While support for Rust on GCC is catching up, and the rustc_codegen_gcc code generation backend is now capable of compiling the Rust components of the kernel, the Rust for Linux project currently only supports building with plain rustc. Since rustc uses LLVM, the project also recommends building the kernel as a whole with Clang while working on Rust code (although mixing GCC on the C side and LLVM on the Rust side does work). The build also requires bindgen to build the C/Rust API bindings, and a copy of the Rust standard library so that it can be built with the flags that the kernel requires. Building the kernel in the recommended way therefore requires Clang, lld, LLVM, the Rust compiler, the source form of the Rust standard library, and bindgen, at a minimum.

Many Linux distributions package sufficiently current versions of all of these; the Rust quick start documentation gives distribution-specific installation instructions. The minimum version of rustc required is 1.78.0, released in May 2024. The Rust for Linux project has committed to not raising the minimum required version unnecessarily. According to Miguel Ojeda, the current informal plan is to stick with the version included in Debian stable, once that catches up with the current minimum (likely later this year).

Developers working on Rust should probably also install Clippy (Rust's linter), rustdoc (Rust's documentation building tool), and rust-analyzer (the Rust language server), but these are not strictly required. The Rust for Linux project tries to keep the code free of linter warnings, so patches that introduce new warnings may be frowned upon by maintainers. Invoking make rustavailable in the root of the kernel source will check that the necessary tools have compatible versions installed. Indeed, all the commands discussed here should be run from the root of the repository. The make rust-analyzer command will set up configuration files for rust-analyzer that should allow it to work seamlessly with an editor that has language server support, such as Emacs or Vim.

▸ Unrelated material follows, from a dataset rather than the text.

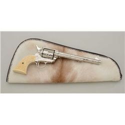 Colt SAA revolver, extensively cattle brand engraved by Weldon Bledsoe, .45 cal., 7-1/2” barrel, nickel finish, raised carved ivory grips, #81471 w

Rust code is controlled by two separate kernel configuration values. CONFIG_RUST_IS_AVAILABLE is automatically set when compatible tooling is available; CONFIG_RUST (available under "General Setup → Rust support") controls whether any Rust code is actually built, and depends on the first option. Unlike the vast majority of user-space Rust projects, the kernel does not use Cargo, Rust's package manager and build tool. Instead, the kernel's makefiles directly invoke the Rust compiler in the same way they would a C compiler. So adding an object to the correct make target is all that is needed to build a Rust module:

    obj-$(CONFIG_RUST) += object_name.o

The code directly enabled by CONFIG_RUST is largely the support code and bindings between C and Rust, and is therefore not a representative sample of what most Rust driver code actually looks like. Enabling the Rust sample code (under "Kernel hacking → Sample kernel code → Rust samples") may provide a more representative sample.

Testing

Rust's testing and linting tools have also been integrated into the kernel's existing build system. To run Clippy, add CLIPPY=1 to the make invocation; this performs a special build of the kernel with debugging options enabled that make it unsuitable for production use, and so should be done with care. make rustdoc will build a local copy of the Rust documentation, which also checks for some documentation warnings, such as missing documentation comments or malformed intra-documentation links. The tests can be run with kunit.py, the kernel's white-box unit-testing tool. The tool does need additional arguments to set the necessary configuration variables for a Rust build:

    ./tools/testing/kunit/kunit.py run --make_options LLVM=1 \
        --kconfig_add CONFIG_RUST=y --arch=<host architecture>

Actually locating a failing test case could trip up people familiar with KUnit tests, though. Unlike the kernel's C code, which typically has KUnit tests written in separate files, Rust code tends to have tests in the same file as the code that it is testing. The convention is to use a separate Rust module to keep the test code out of the main namespace (and enable conditional compilation, so it's not included in release kernels). This module is often (imaginatively) called "test", and must be annotated with the #[kunit_tests(test_name)] macro. That macro is implemented in rust/macros/kunit.rs; it looks through the annotated module for functions marked with #[test] and sets up the needed C declarations for KUnit to automatically recognize the test cases.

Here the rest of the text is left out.